Let $x,y,z \in \Bbb R^+$ such that $x+y+z=3$. Prove the inequality
$\sqrt x+\sqrt y+\sqrt z \ge xy+yz+zx$
I tried to prove that $\sqrt x+\sqrt y+\sqrt z-(xy+yz+zx)\ge 0$
I squared the equality, put the value of $xy+yz+zx$ (in terms of $x^2+y^2+z^2$).
Now I tried to prove that the above expression but failed.
Thanks for hints or solutions.
Note that $\frac{xy+yz}{2}=y\frac{x+z}{2}=y\frac{3-y}{2}\leq\sqrt{y}$. Similarly we have that $\frac{xy+zx}{2}\leq\sqrt{x}$ and $\frac{yz+zx}{2}\leq\sqrt{z}$.

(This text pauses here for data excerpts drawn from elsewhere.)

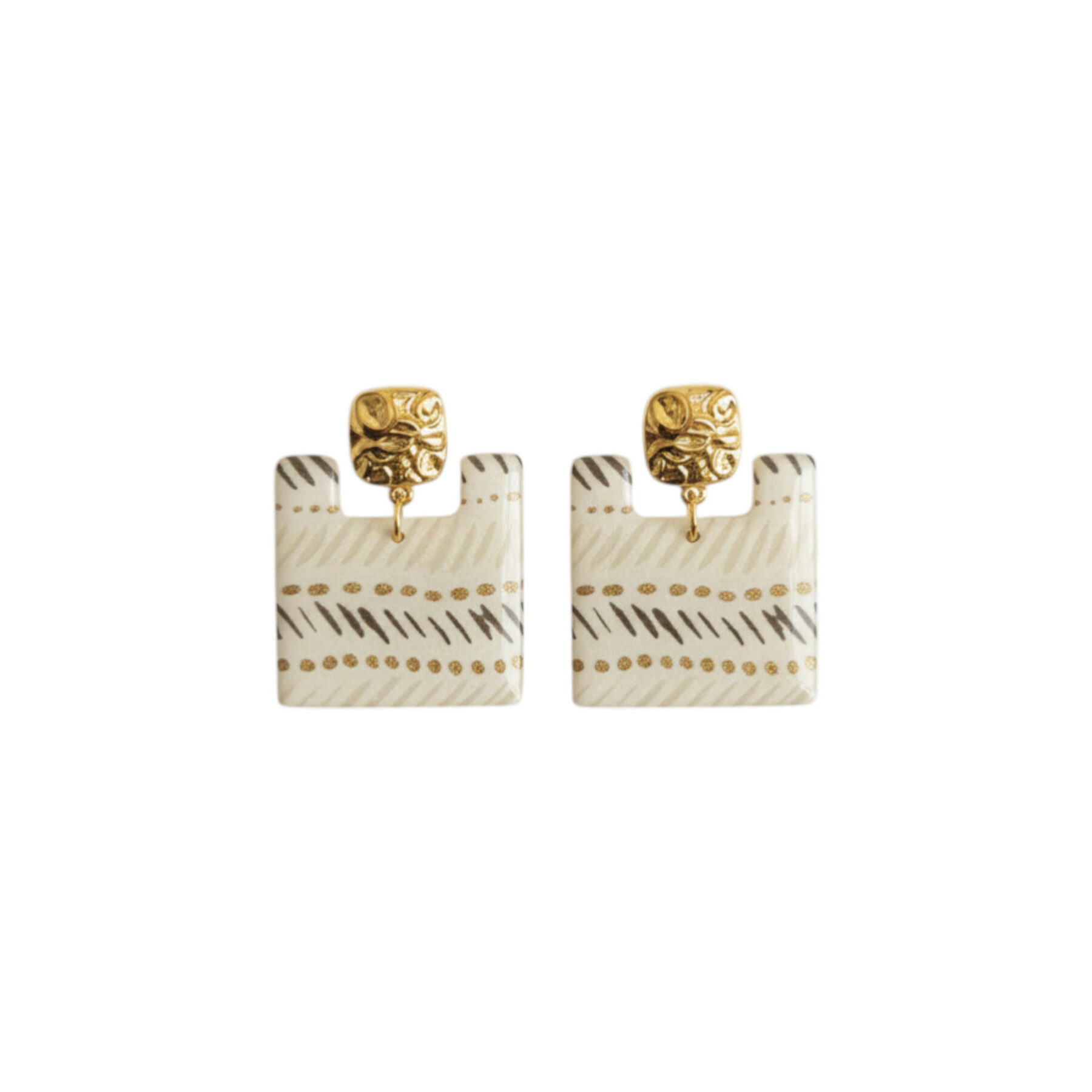 ✨ BOUCLES D’OREILLES Ṭā’ila — ÉCRU & OR
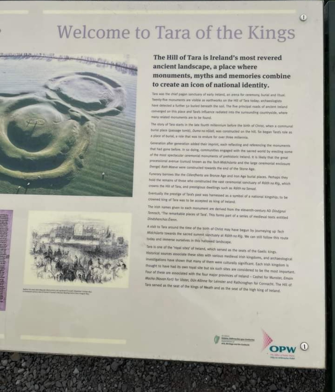 Tara is traditionally known as the seat of the High Kings of Ireland. It's said that many kings reigned there.
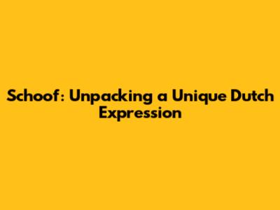 Schoof: A Deep Dive Into The Dutch Expression
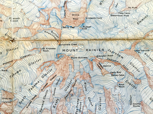 Antique Mt Rainier National Park 1955 US Geological Survey Topographic Map – Pierce County, Cascade Range, Emerald Ridge, Winthrop Mount, WA
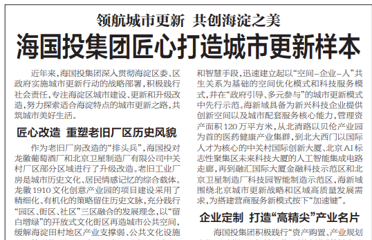 近年來,海國投集團深入貫徹海淀區(qū)委、區(qū)政府實施城市更新行動的戰(zhàn)略部署,積極踐行社會責任,專注海淀區(qū)城市建設(shè)、更新和升級改造,努力探索適合海淀特點的城市更新之路,共筑城市美好生活。
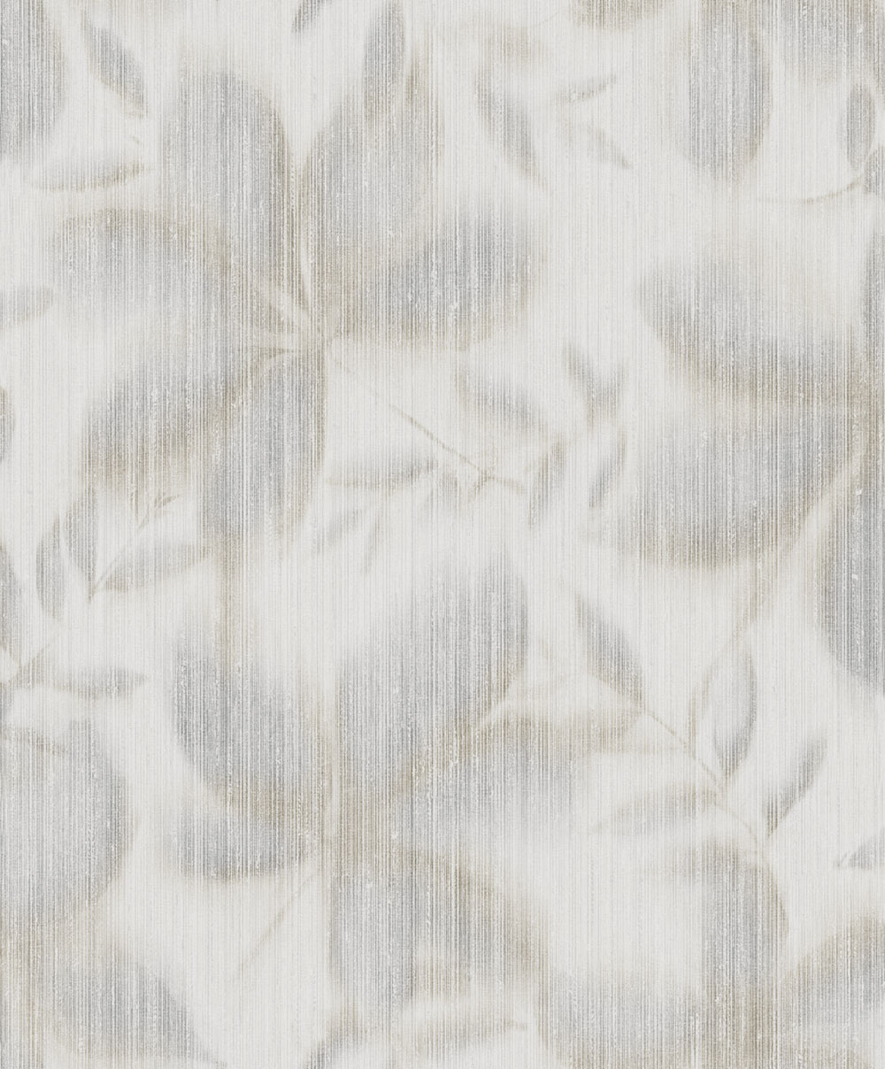 Vliesová tapeta s vinylovým povrchem, plastická textilní struktura, listy, světle šedo béžový podklad, prosvítající černo hnědé listy.
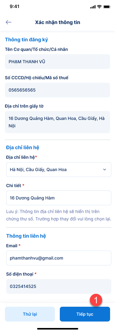 Chỉ áp dụng khi đăng ký chứng thư số từ lần thứ hai trở đi.
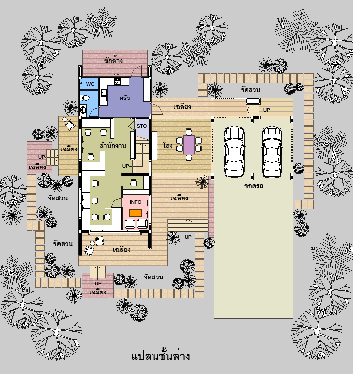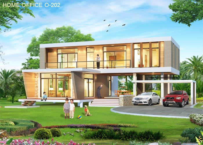 Home Office สไตล์ Modern ใช้เป็นสำนักงานและส่วนพักอาศัย ออกแบบเน้นการประหยัดพลังงาน เป็นอาคารยกระดับ ใต้ถุนโล่ง เป็นโฮมออฟฟิศ 2 ชั้น มี ส่วนสำนักงาน และพักอาศัย มี 2 ห้องนอน 3 ห้องน้ำ ที่จอดรถ 2 คัน รูปทรงภายนอกเป็นสไตล์ Modern ดูทันสมัย สวยงาม โปร่งโล่ง ชั้นล่างเป็นใต้ถุนโล่ง มีเฉลียงด้านหน้า เล่นระดับโดยการยกพื้นขึ้น มีบันไดทางขึ้น ภายในเป็นส่วนต้อนรับ ติดต่องานบริษัท มีส่วนสำนักงานด้านใน มีส่วนครัว พร้อมห้องน้ำ ด้านนอกเป็นส่วนใต้ถุนโล่ง ขนาดใหญ่ ใช้เป็นส่วนนั่งเล่น หรือนั่งประชุมคุยงาน ชั้นบนมีห้องนั่งเล่น และทานอาหาร มี 2 ห้องนอน มีห้องนอนใหญ่ พร้อมห้องน้ำในตัว และห้องนอน 2 เป็นห้องนอนขนาดกลาง ด้านหลังเป็นส่วนเตรียมอาหาร Pantry และมีระเบียงขนาดยาวด้านหน้า และราวระเบียงกันตก ทำเป็นกระจกนิรภัยแบบใส เพื่อความโปร่งโล่ง ด้านนอกเป็นเฉลียงนอกชานขนาดใหญ่ ใช้เป็นที่นั่งเล่นรับลม หรือใช้สังสรรค์สำหรับครอบครัวได้ ชั้นล่าง ชั้นบน
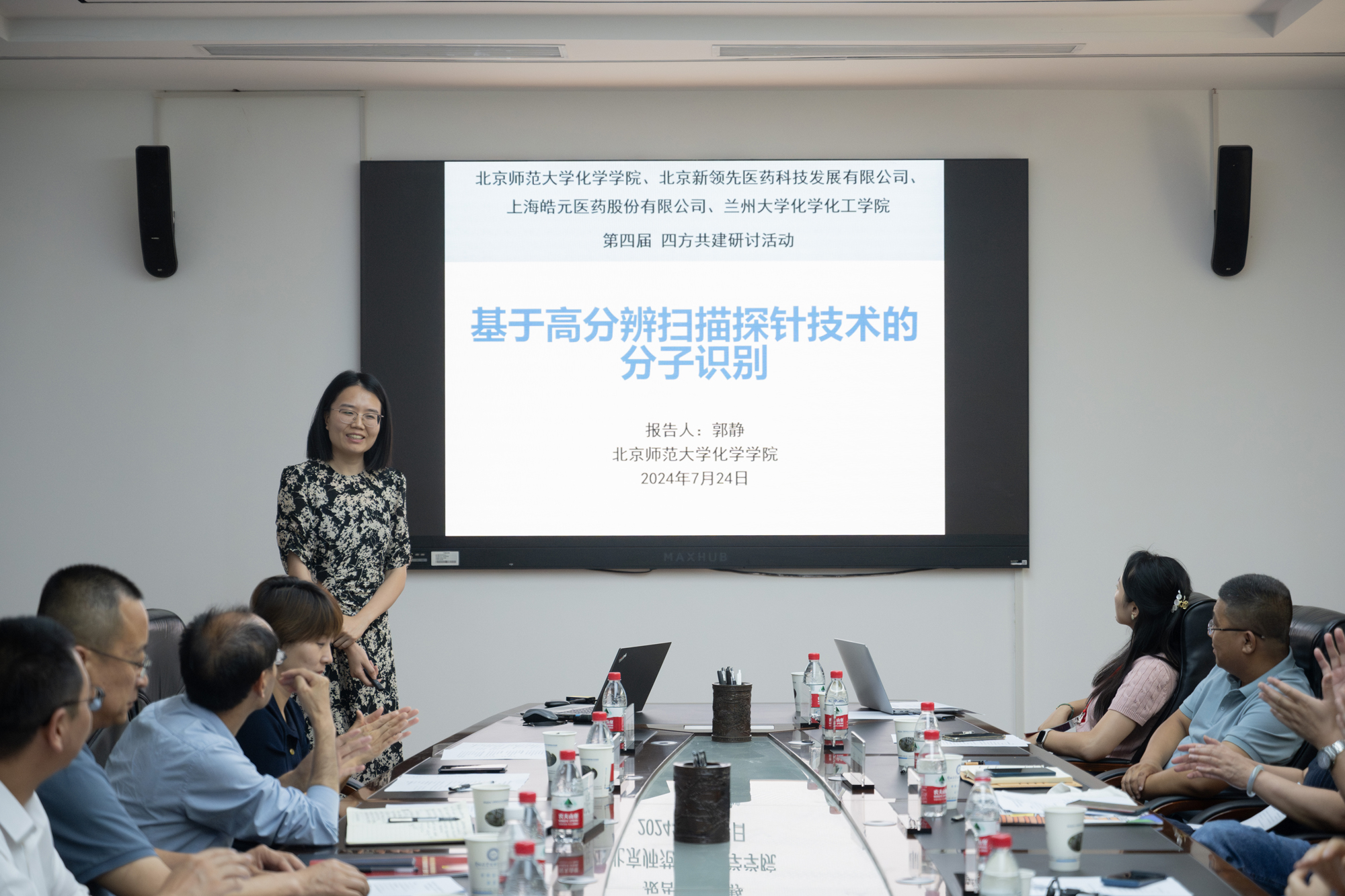 新領(lǐng)先醫(yī)藥董事長(zhǎng)陶新華先生、副總裁張容火先生、副總裁董穎女士、高級(jí)培訓(xùn)經(jīng)理?xiàng)顣?huì)軍先生、醫(yī)學(xué)經(jīng)理李夢(mèng)琪女士,蘭州大學(xué)副校長(zhǎng)、功能有機(jī)分子化學(xué)國(guó)家重點(diǎn)實(shí)驗(yàn)室主任王為先生,蘭州大學(xué)化學(xué)化工學(xué)院黨委書(shū)記杜生一先生、院長(zhǎng)梁永民先生,北京師范大學(xué)化學(xué)學(xué)院黨委書(shū)記楊釗女士,上海皓元醫(yī)藥股份有限公司高級(jí)副總裁楊紹波先生等三十余人出席本次活動(dòng)。

Your idea works because for $\sqrt{x}=a$, $\sqrt{y}=b$ and $\sqrt{z}=c$ we obtain: $$\sum_{cyc}(\sqrt{x}-xy)=\sum_{cyc}\left(\sqrt{x}-\frac{3-x^2}{2}\right)=\frac{1}{2}\sum_{cyc}(x^2+2\sqrt{x}-3)=$$ $$=\frac{1}{2}\sum_{cyc}(x^2+2\sqrt{x}-3-3(x-1))=\frac{1}{2}\sum_{cyc}(x^2+2\sqrt{x}-3x)=$$ $$=\frac{1}{2}\sum_{cyc}(a^4-3a^2+2a)=\frac{1}{2}\sum_{cyc}a(a+2)(a-1)^2\geq0.$$